Problem statement
Leaving the pictures aside, transcribe every line below exactly.

Supplied information
□ □ □ □ □ □ □
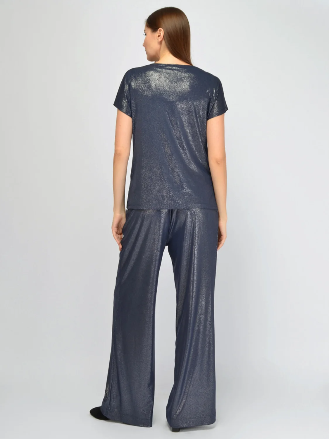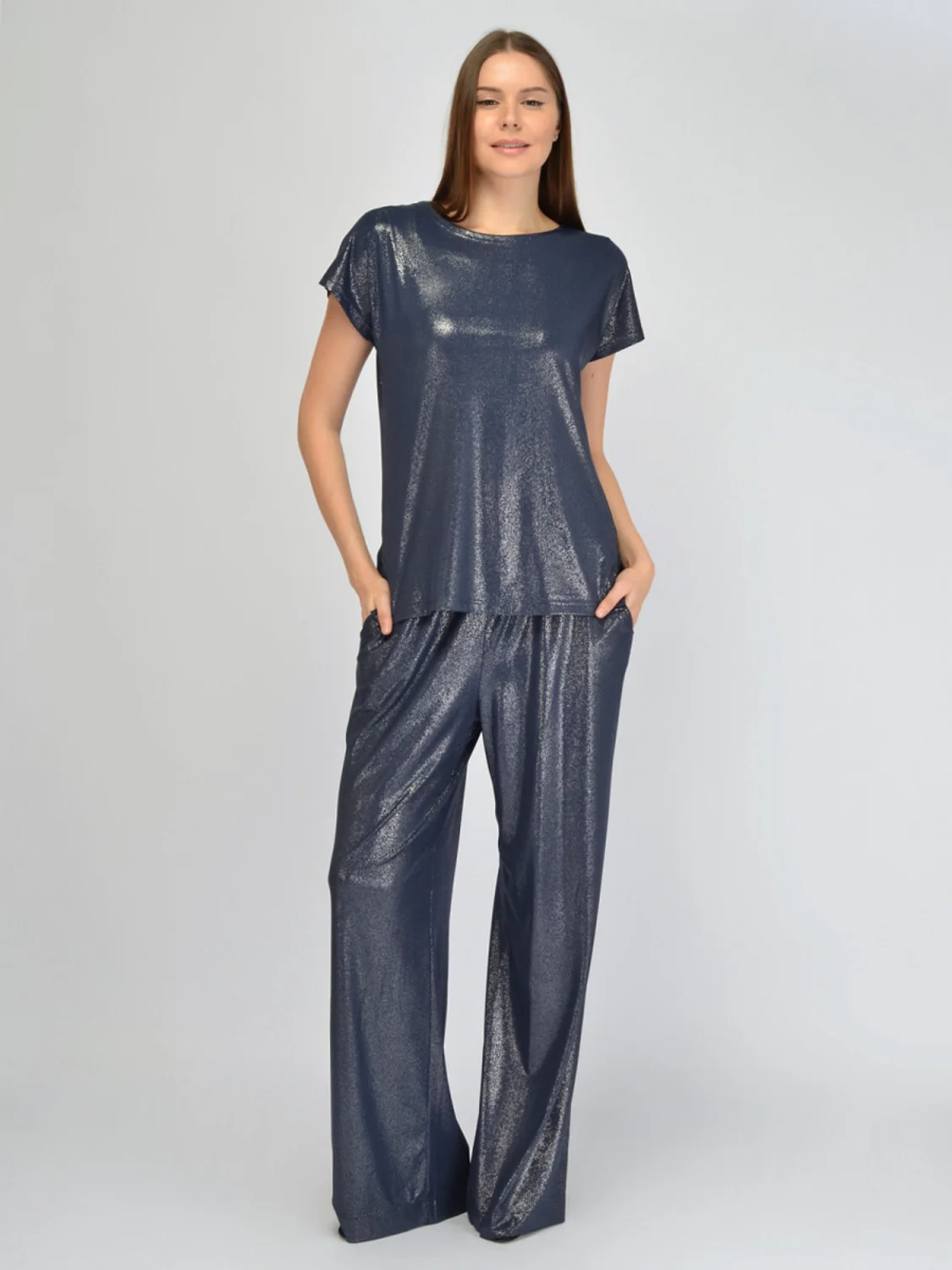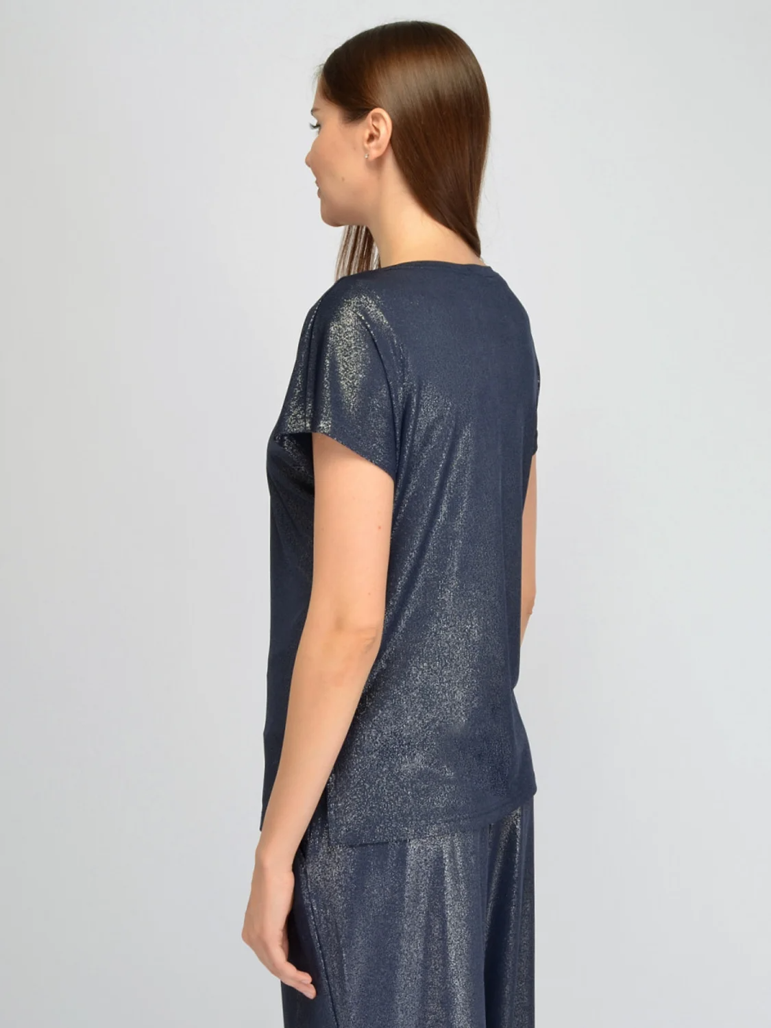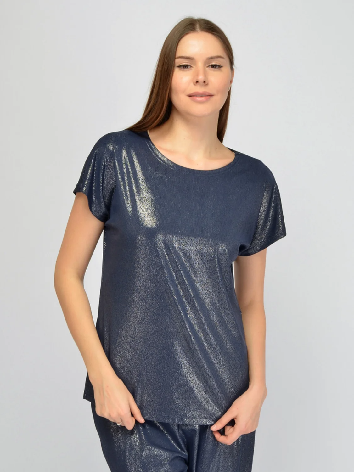 Блестящая блуза с короткими рукавами– это стильная и красивая вещь для женщин. Трендовая футболка выполнена из высококачественного трикотажа, что делает его не только модной, но и удобной в носке. Удлиненная блузка с округлым вырезом горловины придает образу женственность и элегантность. По бокам у нарядной приталенной блузки находятся аккуратные разрезы. Короткий рукав позволяет использовать кофту как базовую вещь в гардеробе, идеально подходящую для создания различных образов. Блестящая блуза станет отличной основой для наряда для праздничного мероприятия: будь то корпоратив, новогодняя вечеринка или юбилей. Она подходит как для повседневного использования, так и для более формальных случаев, благодаря своему универсальному дизайну. Длинная нарядная блузка из приятного тянущегося материала прекрасно сядет на любую фигуру. Элегантная блуза станет незаменимой частью вашего гардероба на все сезоны года: весну, лето, осень и зиму.
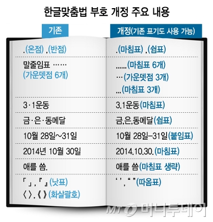 제가 초등학교(정확히 '국민학교')에 다닐 때만 해도 '.'과 ','는 '마침표'와 '쉼표'였는데요. 1988년 초 '한글맞춤법' 규정이 제정돼 1989년 3월부터 명칭이 '온점' '반점'으로 바뀌었습니다. 그러던 것을 26년 만에 다시 '마침표'와 '쉼표'라 개정한 것입니다. 단 기존 '온점'과 '반점'이라는 용어도 쓸 수 있도록 허용했네요.
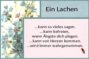 | Ein Lachen Powerpoint (1.5 MB) 9Herziges Ein Lachen kann so vieles bewirken. Deshalb verschenke es so oft wie möglich. | Herziges | 30.06.-09:33 | Sirene | |
□ □ □ □ □ □ □
Solution to the exercise
 Блестящая блуза с короткими рукавами– это стильная и красивая вещь для женщин. Трендовая футболка выполнена из высококачественного трикотажа, что делает его не только модной, но и удобной в носке. Удлиненная блузка с округлым вырезом горловины придает образу женственность и элегантность. По бокам у нарядной приталенной блузки находятся аккуратные разрезы. Короткий рукав позволяет использовать кофту как базовую вещь в гардеробе, идеально подходящую для создания различных образов. Блестящая блуза станет отличной основой для наряда для праздничного мероприятия: будь то корпоратив, новогодняя вечеринка или юбилей. Она подходит как для повседневного использования, так и для более формальных случаев, благодаря своему универсальному дизайну. Длинная нарядная блузка из приятного тянущегося материала прекрасно сядет на любую фигуру. Элегантная блуза станет незаменимой частью вашего гардероба на все сезоны года: весну, лето, осень и зиму.
 제가 초등학교(정확히 '국민학교')에 다닐 때만 해도 '.'과 ','는 '마침표'와 '쉼표'였는데요. 1988년 초 '한글맞춤법' 규정이 제정돼 1989년 3월부터 명칭이 '온점' '반점'으로 바뀌었습니다. 그러던 것을 26년 만에 다시 '마침표'와 '쉼표'라 개정한 것입니다. 단 기존 '온점'과 '반점'이라는 용어도 쓸 수 있도록 허용했네요.
 | Ein Lachen Powerpoint (1.5 MB) 9Herziges Ein Lachen kann so vieles bewirken. Deshalb verschenke es so oft wie möglich. | Herziges | 30.06.-09:33 | Sirene | |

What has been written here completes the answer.